About TScan Therapeutics, Inc. TScan is a clinical-stage biopharmaceutical company focused on the development of T cell receptor (TCR)-engineered T cell therapies (TCR-T) for the treatment of patients with cancer. The Company's lead TCR-T therapy candidates, TSC-100 and TSC-101, are in development for the treatment of patients with hematologic malignancies to eliminate residual disease and prevent relapse after allogeneic hematopoietic cell transplantation. The Company is also developing multiplexed TCR-T therapy candidates for the treatment of various solid tumors.

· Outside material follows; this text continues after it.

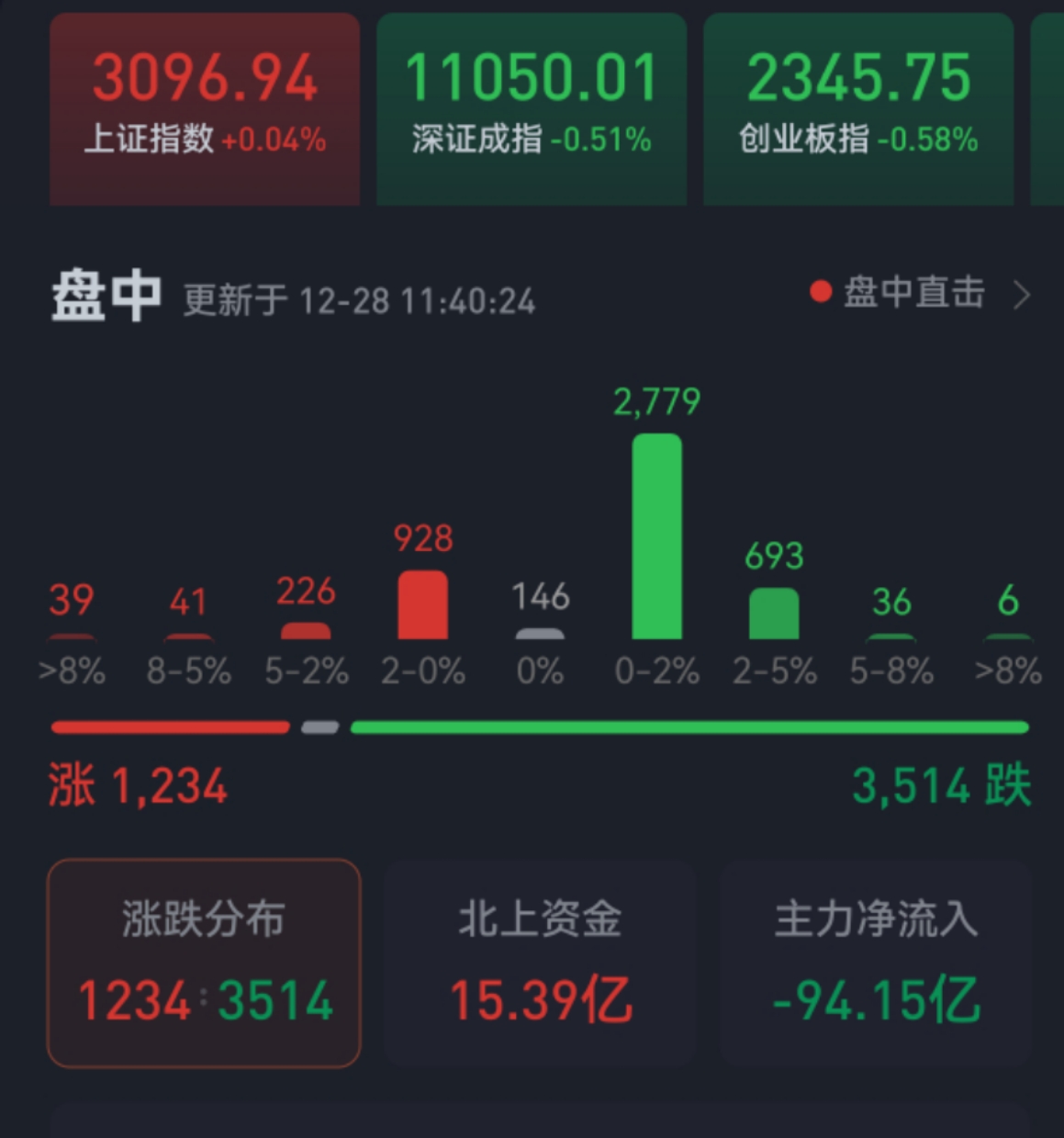 周三(12月28日),三大股指繼續(xù)震蕩分化。截至上午收盤,上證指數(shù)漲0.04%,報3096.94點,逼近3100點關口;深證成指跌幅為0.51%,創(chuàng)業(yè)板指跌幅為0.58%;滬深兩市合計成交額4116.6億元,總體來看,兩市個股跌多漲少,其中,漲停個股達28只,跌停7只。

The Company has developed and continues to build its ImmunoBank, the Company's repository of therapeutic TCRs that recognize diverse targets and are associated with multiple HLA types, to provide customized multiplexed TCR-T therapies for patients with a variety of solid tumors. Forward-Looking Statements This release contains forward-looking statements within the meaning of the Private Securities Litigation Reform Act of 1995, including, but not limited to, express or implied statements regarding the Company's plans, progress, and timing relating to the Company's hematologic malignancies programs, including the enrollment of patients and presentation of data, the structure, timing and success of the Company's planned preclinical development, submission of INDs, and clinical trials, the potential benefits of any of the Company's proprietary platforms, multiplexing, or current or future product candidates in treating patients, and the Company's goals and strategy. TScan intends such forward-looking statements to be covered by the safe harbor provisions for forward-looking statements contained in Section 21E of the Securities Exchange Act of 1934 and the Private Securities Litigation Reform Act of 1995.